I know 3D rotation is well documented on SO and many other sites, but despite reading countless explanations I still haven't figured out where I'm going wrong. My background is in art and design, not math and programming, and I'm never really certain if my angle of attack (no pun intended) is the right one. Rather than paste a patchwork of my dismal code, I'm including an image describing my problem. What I'd really like is a step-by-step worded breakdown of how to solve it. Pseudo code is useful, but I will learn more if someone will just aim me in the right direction or point out common pitfalls.
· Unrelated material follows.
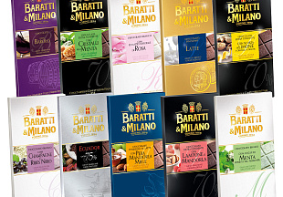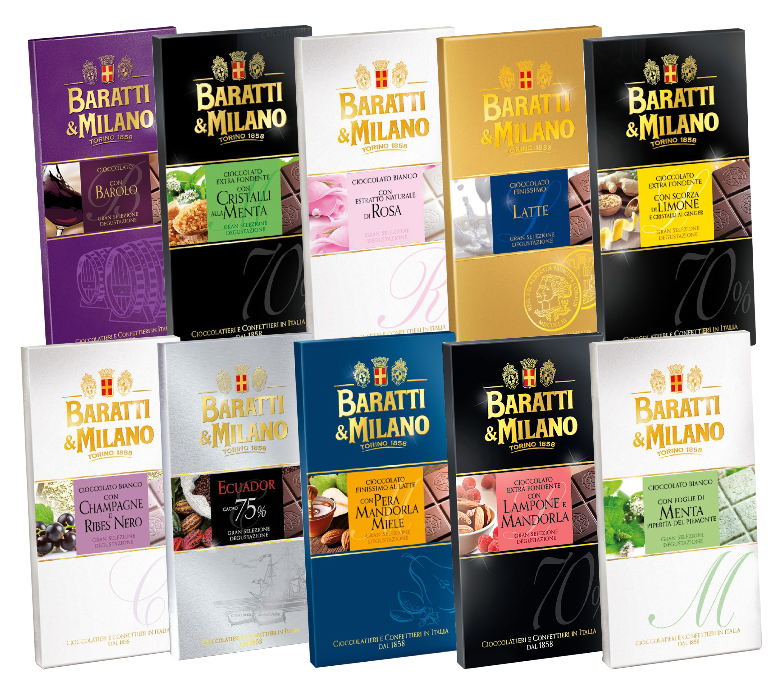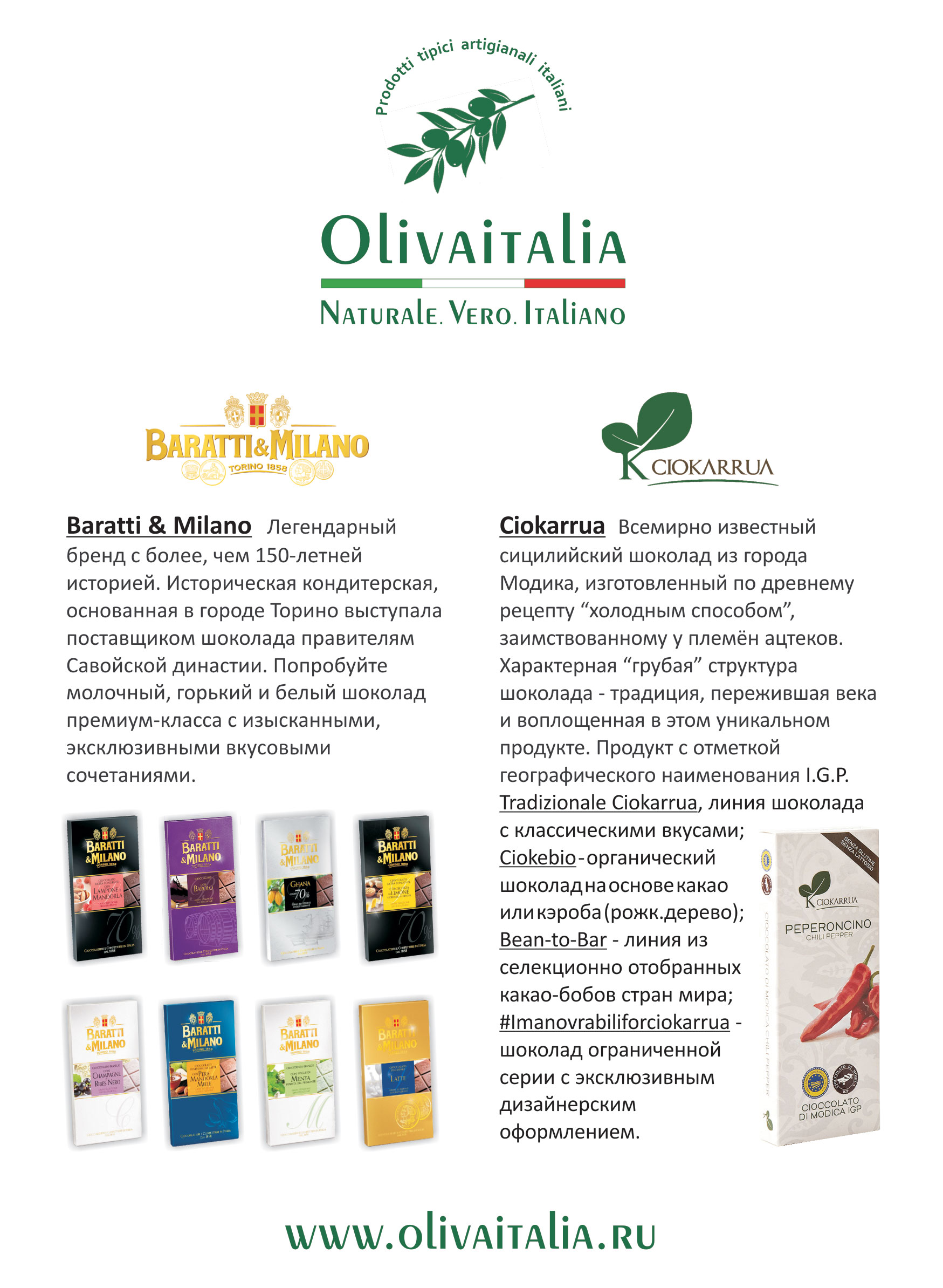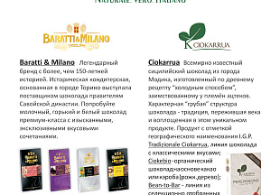 2) шоколад Baratti&Milano, изготавливаемый исторической мастерской из города Торино с 1858 года - горький, молочный и белый шоколад с эксклюзивными вкусами.

Red = X-Axis, Green = Y-Axis, Blue = Z-Axis
Magenta vectors = origin --> some X,Y,Z point
Magenta cube = average of the endpoints of the two magenta vectors (is there a better name for this?)
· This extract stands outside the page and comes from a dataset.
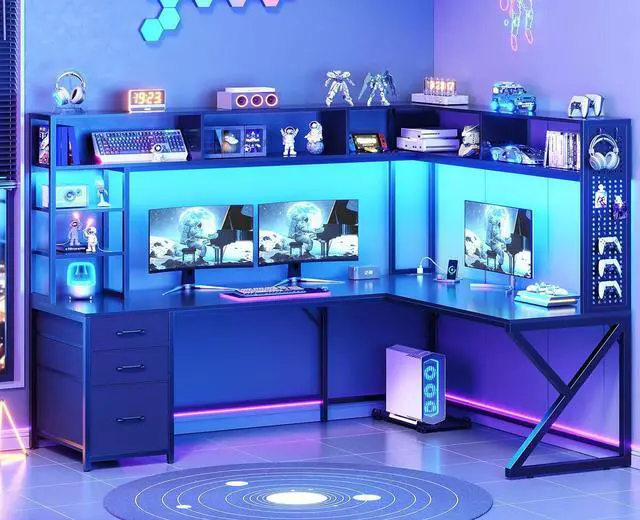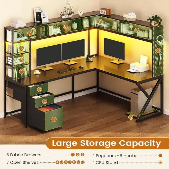 Large Storage SpaceL shaped computer desk with 7 open shelves, 3 fabric drawers, 1 pegboard and 1 CPU stand. This 66.1" l shaped desk has 7 open shelves , which offer enough space to store your daily items, books, files, printer stand or game figure, collect trophies, and souvenirs.

White vector = cross product of the two magenta vectors (extended for display, actual vector is normalized)
Cyan cube object = rotation fail
I've previously used Away3D and Papervision; in these libraries, applying Euler angles to an object's rotationX, rotationY, or rotationZ properties will rotate the object locally, as if it's at the origin regardless of its actual position. With Three.js, this is not the case. Modifying an object's rotation.x and rotation.y properties produces a bizarre effect where the object apparently tilts a bit on the Z axis. Even more confusing is that this happens when the object rests at the origin. I thought that maybe using Quaternion-->Matrix or Axis/Angle-->Matrix functions would solve my problem, but no dice. It seems there's a core concept I'm not getting.
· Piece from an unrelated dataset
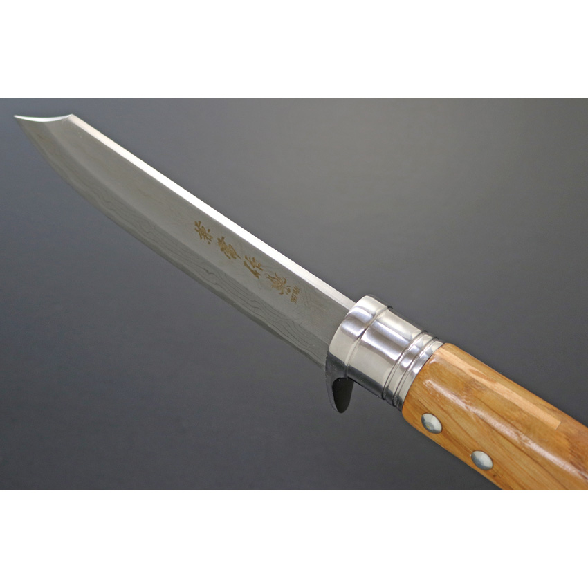 11.5″ (29.21cm) overall. 6″ (15.24cm) Damascus steel blade. Brown wood handle. Metal alloy guard. Brown leather belt sheath. Boxed.

Anyway, what I'd like to do is orient the cube to the cross product vector (white), so that the top of the cube is facing the direction of that vector. Then I'd like to rotate the cube along the same axis. The image I've attached shows the result of more hours than I'd like to admit trying to achieve this result. My code loosely looks like this:
axis = Vector3.cross(a, b)
axis.normalize()
angle = 45 * TO_RADIANS;
quat = AxisAngle2Quaternion(axis, angle)
rot = Quaternion2Matrix(quat)
cube.matrix = rot
Thanks in advance,
Casey
Edit: Starting a bounty
Maybe I am misunderstanding how this is supposed to work. Here's another image:
Am I incorrect in thinking that this magenta vector is the axis, and the orange arrows indicate rotation about this axis based on the angle? One way or another, I want to orient the cyan cube based on some directional vector and spin it. What am I doing wrong!?